Task material:
_ _ _ _ _ _ _

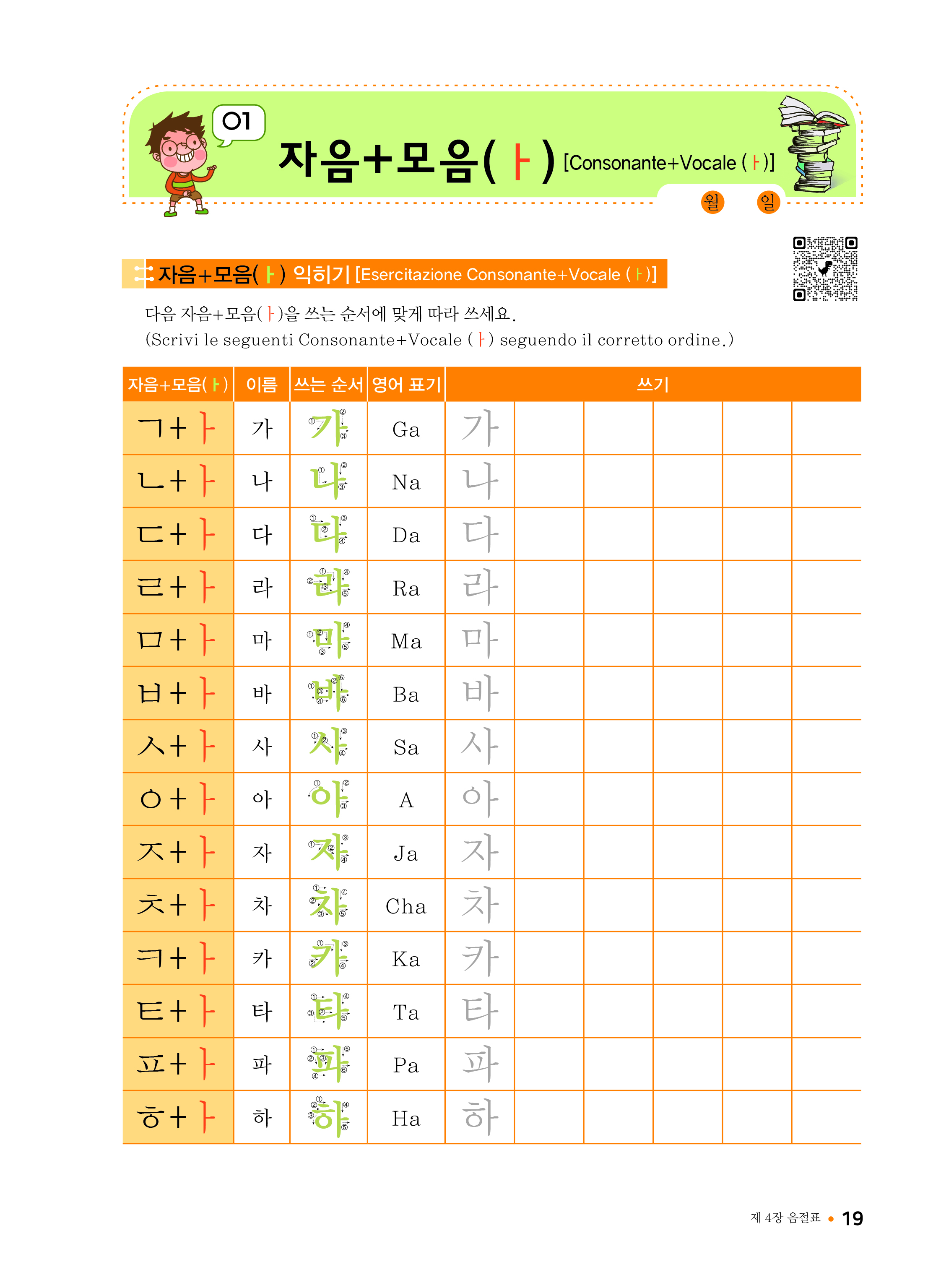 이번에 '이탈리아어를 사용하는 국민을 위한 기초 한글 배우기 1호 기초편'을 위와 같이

_ _ _ _ _ _ _

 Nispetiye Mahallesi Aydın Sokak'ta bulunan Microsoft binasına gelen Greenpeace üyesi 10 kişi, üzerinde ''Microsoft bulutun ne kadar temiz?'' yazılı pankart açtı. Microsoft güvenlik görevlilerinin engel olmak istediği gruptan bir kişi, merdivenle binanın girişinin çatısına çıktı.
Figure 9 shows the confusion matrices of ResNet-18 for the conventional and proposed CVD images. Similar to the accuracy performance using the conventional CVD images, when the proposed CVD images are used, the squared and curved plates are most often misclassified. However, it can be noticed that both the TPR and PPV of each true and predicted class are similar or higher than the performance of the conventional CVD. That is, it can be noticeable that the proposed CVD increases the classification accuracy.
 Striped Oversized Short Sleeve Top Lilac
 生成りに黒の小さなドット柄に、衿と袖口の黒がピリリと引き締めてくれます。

_ _ _ _ _ _ _

Work item: Which lines above run from the one containing "Figure 9 shows" to the one containing "生成りに黒の小さなドット柄に、衿と袖口の黒がピリリと引き締めてくれます。"? Give them again exactly, both ends included.

Written answer:
Figure 9 shows the confusion matrices of ResNet-18 for the conventional and proposed CVD images. Similar to the accuracy performance using the conventional CVD images, when the proposed CVD images are used, the squared and curved plates are most often misclassified. However, it can be noticed that both the TPR and PPV of each true and predicted class are similar or higher than the performance of the conventional CVD. That is, it can be noticeable that the proposed CVD increases the classification accuracy.
 Striped Oversized Short Sleeve Top Lilac
 生成りに黒の小さなドット柄に、衿と袖口の黒がピリリと引き締めてくれます。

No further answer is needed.